Seasonal adjustments are aggregate and based on events like holidays associated with shopping, i.e. the Christmas rush. Advance reports almost always are revised the next month as more raw sales data is collected by the Census. In other words, do not get married to these figures, they will surely be revised. Here is our retail sales topic category.
Here are past retail sales overviews, unrevised.
Retail sales the press is wrong
So many in the press are claiming this report implies lower consumer spending and thus lower GDP. Sorry, first we're missing September. But more importantly, consumer spending as part of economic growth has price increases removed. A huge reason retail sales increases is due to increases in gas prices. Needless to say GDP is reported in real values, i.e. chained 2009 dollars which removes inflation. Secondly, retail sales is simply not consumer spending. The majority of consumer spending is on basic living, such as utilities, health care, which are not part of this discretionary spending report. Yes, PCE and retail sales are correlated but finally if one looks at the monthly changes, there is nothing here to imply some consumer spending implosion, just not the sudden magical gains.

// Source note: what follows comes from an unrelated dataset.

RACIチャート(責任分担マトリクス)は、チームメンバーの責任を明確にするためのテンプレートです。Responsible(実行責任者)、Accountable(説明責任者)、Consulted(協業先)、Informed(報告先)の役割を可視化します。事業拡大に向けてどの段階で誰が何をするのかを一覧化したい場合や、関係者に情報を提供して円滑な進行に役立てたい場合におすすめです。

Why Wall street would think there would be magical sudden gains in retail sales in beyond me. Wages are down, people are out of work and credit is also down. Gotta wonder if some in the press even read these reports, or have the faintest fell for them before writing.

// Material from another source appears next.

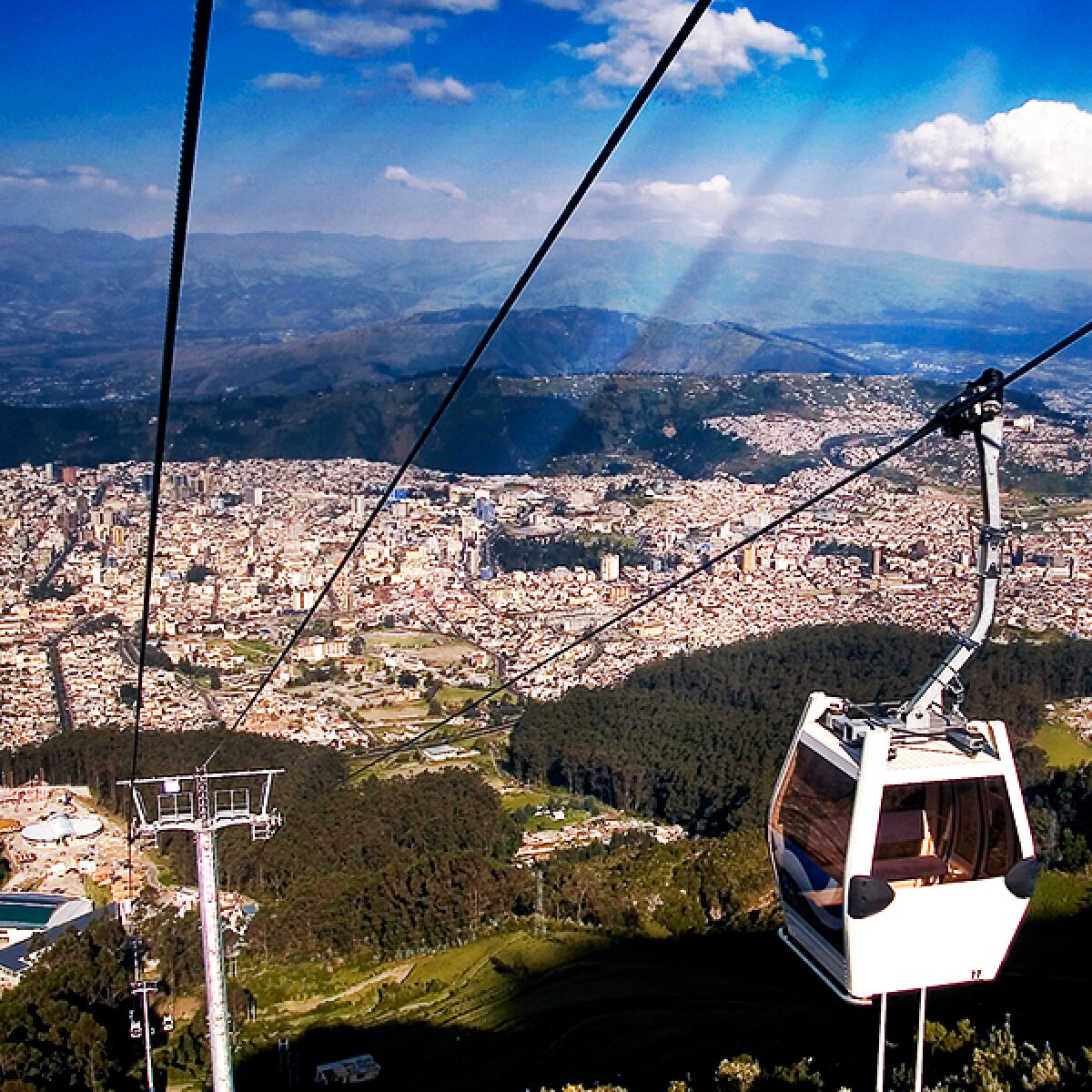 Which modern cable car offers panoramic views of the city from Cruz Loma?

July retail sales revisions greater than entire August increase
July revisions showed that for the 2nd consecutive month, the upward revision to the previously reported monthly sales gain alone was actually greater than the entire sales gain of the reporting month.... total retail and food services sales for July were originally reported at a seasonally adjusted of $424,481 million, up just $832 million from June sales; that has now been revised to show sales of $425 657, a $1.815 billion or 0.42% increase over June sales, which are now shown to be at $423 842; hence, this "August" report in effect added $983 million to July's sales...meanwhile, August sales as estimated at $426,563 were up $901 million from July's $425,657 million....so what looks like a weak report is actually shows more than twice as great a sales gain as the headline indicates, due to revisions, which is exactly what we observed in our post on retail last month...
rjs
what do you mean you observed?
That's right, the revision doubled July's gains in addition to not interpreting this report well by the press.
Are you talking about the margin of error and the fact this is advanced, will be revised?
Probably should have spelled that out more, one would think readers would see 0.2 percentage points to 0.4% monthly gain = double, but that assumes one has a "numbers brain".
This is so ridiculous how traders jump on this and initial claims. In the big economic indicator scheme of things, neither is that important.
observed was a link back
the last phase was a hook back to my coverage on retail here last month when a similar upward revision was included and widely overlooked...my point is that the last two reports are stronger than the headlines suggests because in effect they both added 0.4% MoM to retail sales..
moreover, some of the retail businesses reported as weak last month were really much stronger...sales at building material & garden supply stores, originally reported down 0.4%, were actually up 1.8% in July, and non-store (online) sales, who had their July sales reported nearly flat at 0.1% last month, are now seen to have increased sales 1.3% for the month...
rjs
Ah, true, good reason to look at volume graphs
This is the #1 reason I put up so many graphs, generally speaking. Wall Street focuses in on the monthly percent change instead of the trend and overall volume. This report is similar to initial claims, durable goods new orders and housing data, always revised.